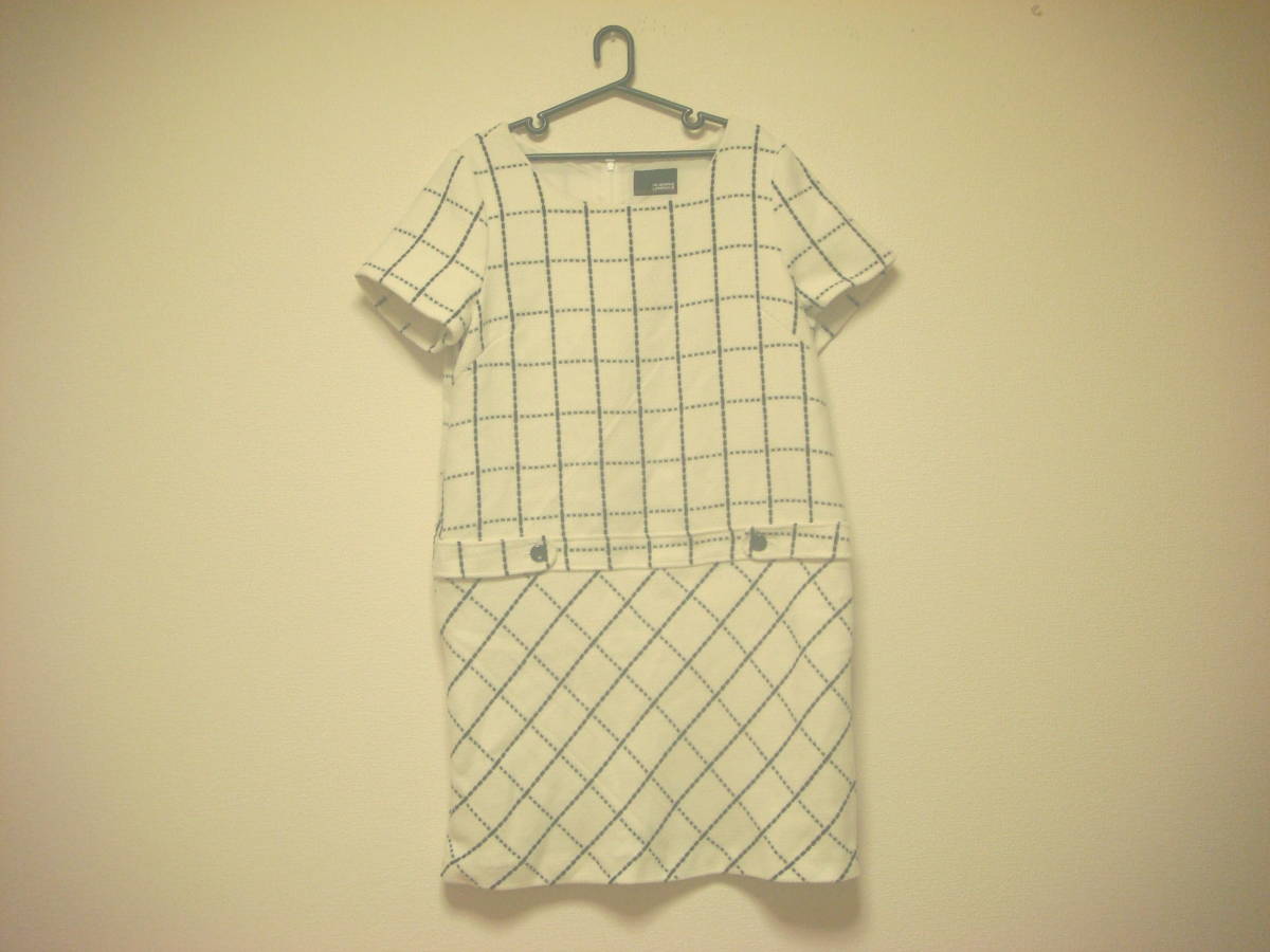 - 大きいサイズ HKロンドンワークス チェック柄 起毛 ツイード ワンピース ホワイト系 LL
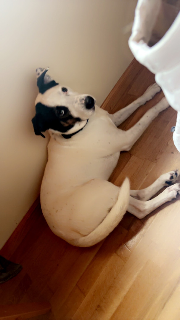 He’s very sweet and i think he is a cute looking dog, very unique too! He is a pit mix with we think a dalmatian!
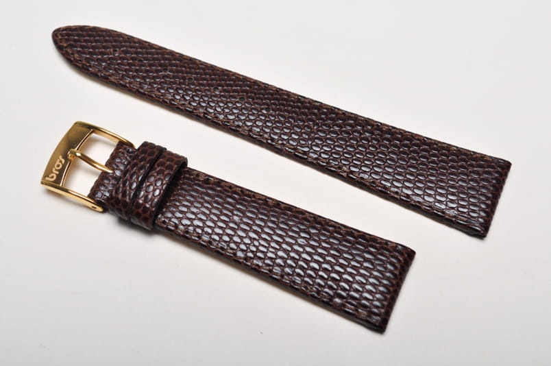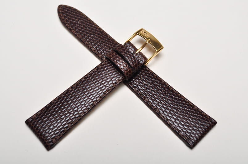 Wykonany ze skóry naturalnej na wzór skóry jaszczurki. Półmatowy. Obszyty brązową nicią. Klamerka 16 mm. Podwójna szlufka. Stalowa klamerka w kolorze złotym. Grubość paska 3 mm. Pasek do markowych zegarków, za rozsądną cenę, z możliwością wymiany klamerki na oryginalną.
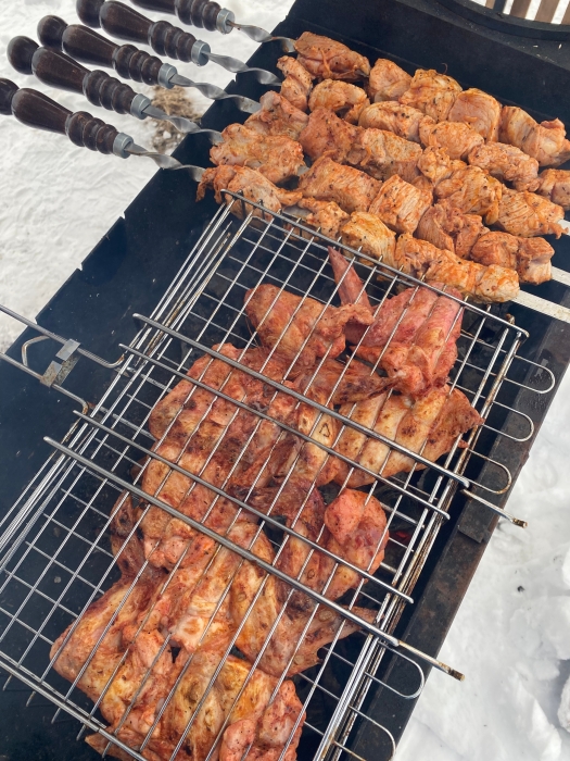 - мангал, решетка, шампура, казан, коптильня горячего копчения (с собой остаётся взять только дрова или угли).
---
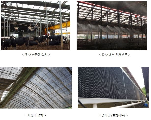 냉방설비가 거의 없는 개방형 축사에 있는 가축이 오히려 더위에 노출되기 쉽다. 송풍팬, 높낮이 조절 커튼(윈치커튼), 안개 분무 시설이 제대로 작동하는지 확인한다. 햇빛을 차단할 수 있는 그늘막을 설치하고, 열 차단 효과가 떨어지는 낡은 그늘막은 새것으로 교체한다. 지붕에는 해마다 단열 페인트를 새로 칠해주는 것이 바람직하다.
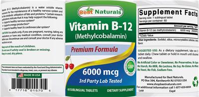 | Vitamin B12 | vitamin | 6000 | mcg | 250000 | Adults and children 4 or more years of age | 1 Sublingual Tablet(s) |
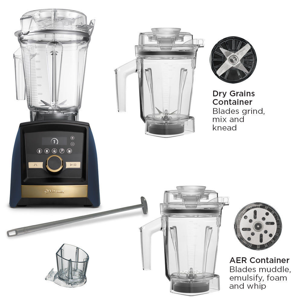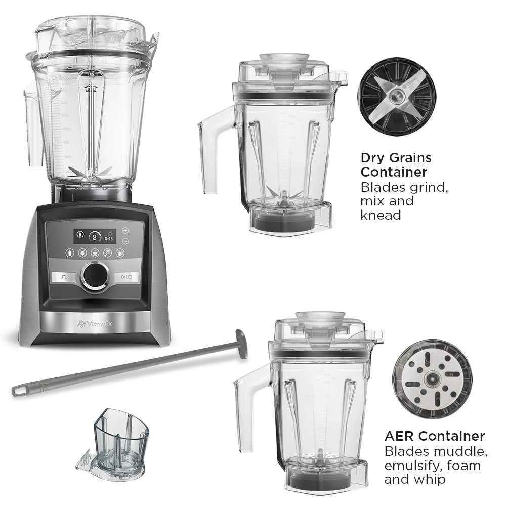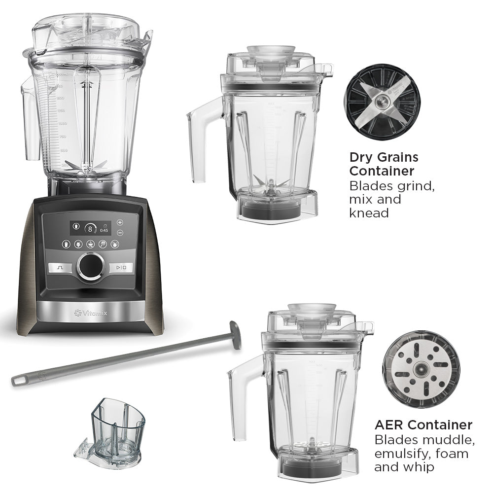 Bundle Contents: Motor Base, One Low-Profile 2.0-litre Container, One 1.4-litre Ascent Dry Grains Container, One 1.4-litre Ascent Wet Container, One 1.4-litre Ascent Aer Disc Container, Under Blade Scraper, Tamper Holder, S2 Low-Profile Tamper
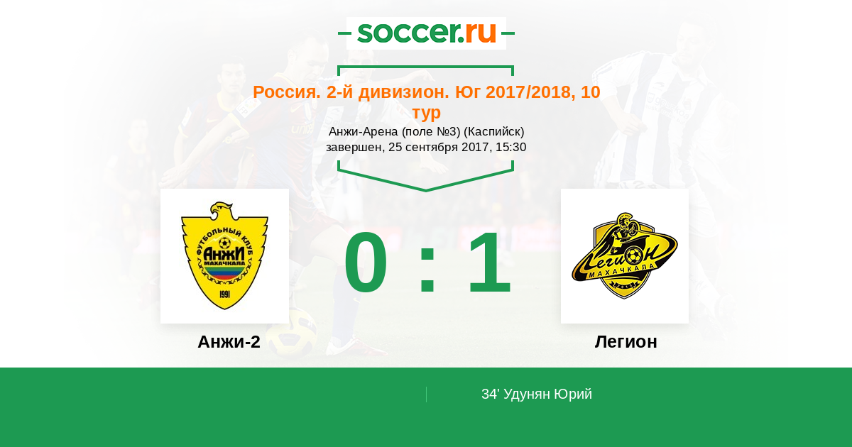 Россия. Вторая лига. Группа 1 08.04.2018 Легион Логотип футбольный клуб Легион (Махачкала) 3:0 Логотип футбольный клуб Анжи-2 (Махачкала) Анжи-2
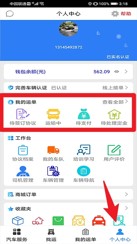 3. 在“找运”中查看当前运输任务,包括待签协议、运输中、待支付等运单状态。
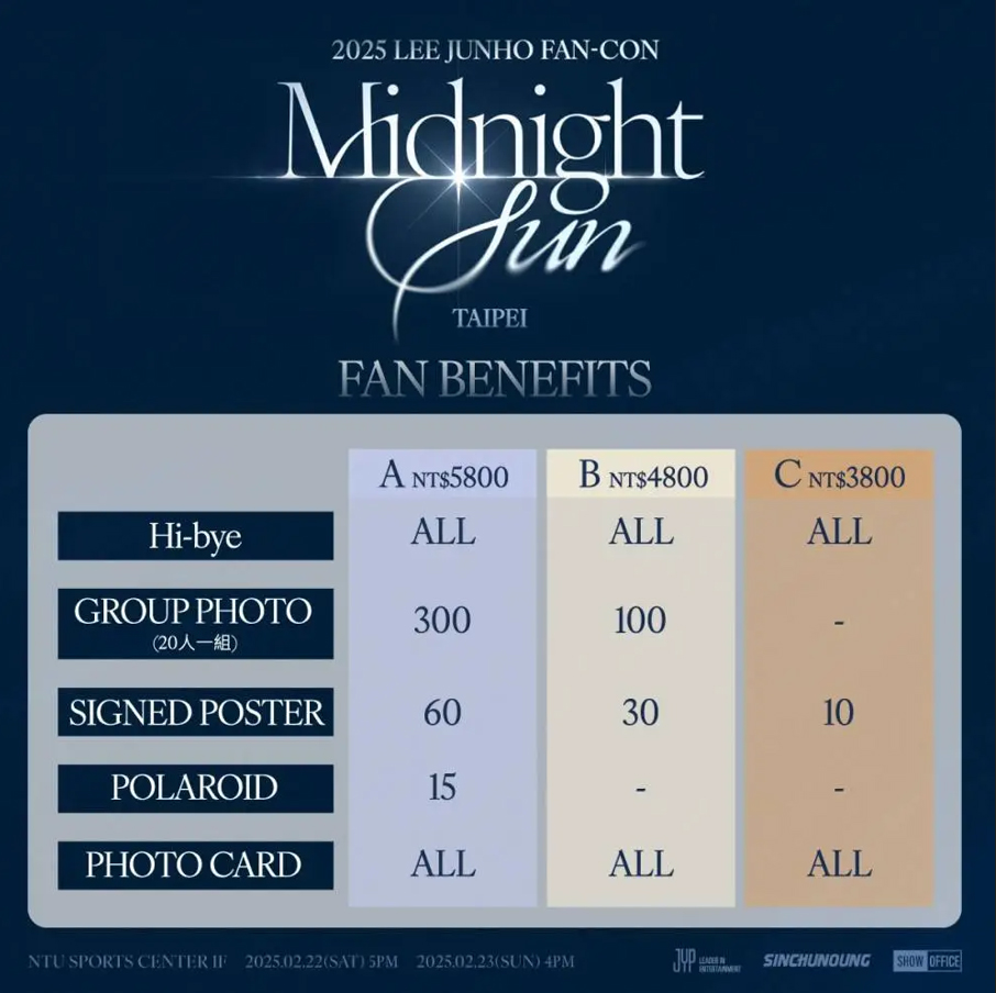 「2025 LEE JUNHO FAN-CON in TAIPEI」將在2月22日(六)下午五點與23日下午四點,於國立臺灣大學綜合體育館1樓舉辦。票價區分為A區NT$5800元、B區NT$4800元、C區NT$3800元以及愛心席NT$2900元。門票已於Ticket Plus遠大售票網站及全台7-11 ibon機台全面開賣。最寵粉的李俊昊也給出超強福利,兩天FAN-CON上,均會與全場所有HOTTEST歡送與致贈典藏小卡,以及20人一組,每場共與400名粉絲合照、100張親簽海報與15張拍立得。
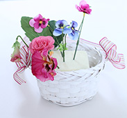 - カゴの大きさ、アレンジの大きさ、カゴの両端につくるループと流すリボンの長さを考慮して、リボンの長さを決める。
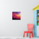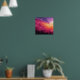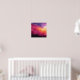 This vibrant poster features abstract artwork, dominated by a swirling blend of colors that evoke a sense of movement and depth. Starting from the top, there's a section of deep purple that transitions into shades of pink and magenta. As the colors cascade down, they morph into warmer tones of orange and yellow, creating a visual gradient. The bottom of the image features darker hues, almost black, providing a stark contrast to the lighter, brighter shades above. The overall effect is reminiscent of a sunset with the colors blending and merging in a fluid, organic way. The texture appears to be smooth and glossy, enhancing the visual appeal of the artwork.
---
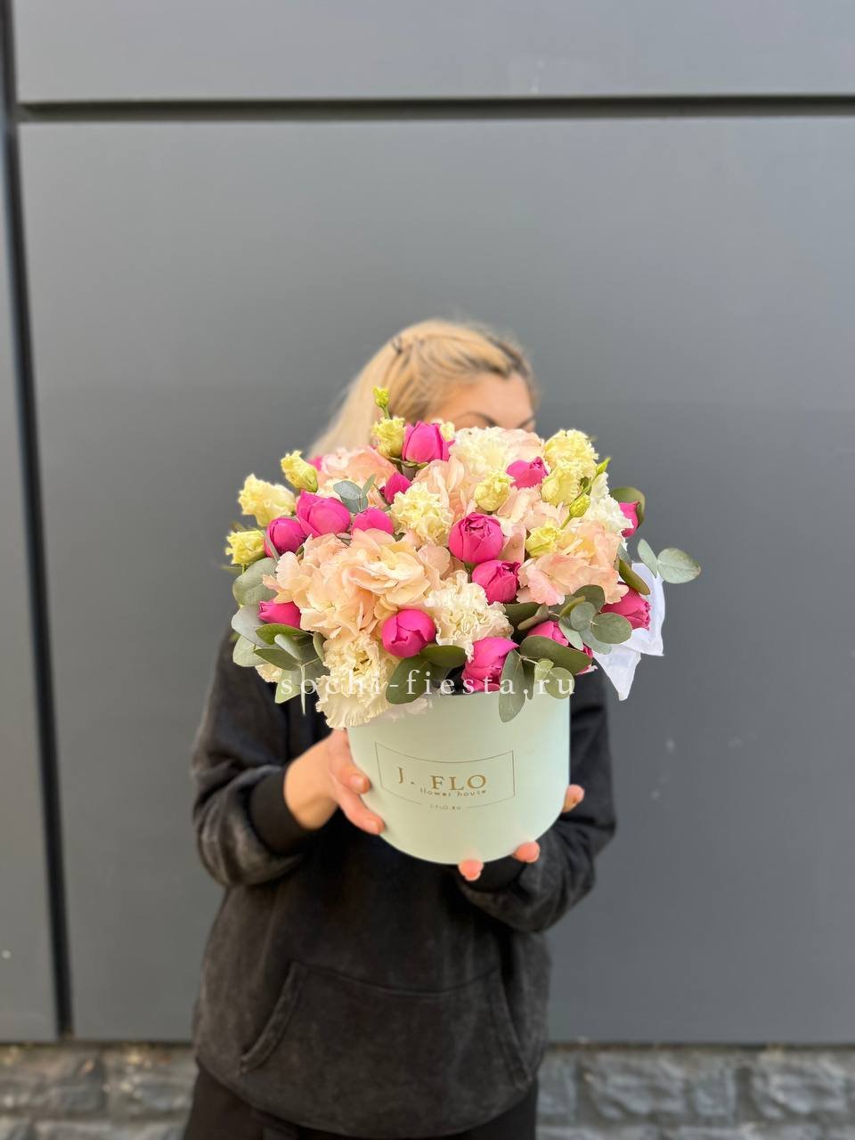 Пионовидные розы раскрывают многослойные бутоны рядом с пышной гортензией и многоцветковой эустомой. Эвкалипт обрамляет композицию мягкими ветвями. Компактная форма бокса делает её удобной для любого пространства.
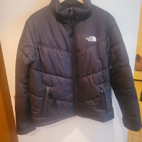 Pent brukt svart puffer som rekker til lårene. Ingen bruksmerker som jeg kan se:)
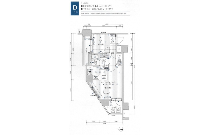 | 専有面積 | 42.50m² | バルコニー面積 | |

**Task requirements:** Would you give again, exactly, the lines in the data above that run from the line containing "- 大きいサイズ HKロンドンワークス" to the line containing "- мангал, решетка, шампура, казан, коптильня"? Include both ends and no pictures.

**Exercise output:**
 - 大きいサイズ HKロンドンワークス チェック柄 起毛 ツイード ワンピース ホワイト系 LL
 He’s very sweet and i think he is a cute looking dog, very unique too! He is a pit mix with we think a dalmatian!
 Wykonany ze skóry naturalnej na wzór skóry jaszczurki. Półmatowy. Obszyty brązową nicią. Klamerka 16 mm. Podwójna szlufka. Stalowa klamerka w kolorze złotym. Grubość paska 3 mm. Pasek do markowych zegarków, za rozsądną cenę, z możliwością wymiany klamerki na oryginalną.
 - мангал, решетка, шампура, казан, коптильня горячего копчения (с собой остаётся взять только дрова или угли).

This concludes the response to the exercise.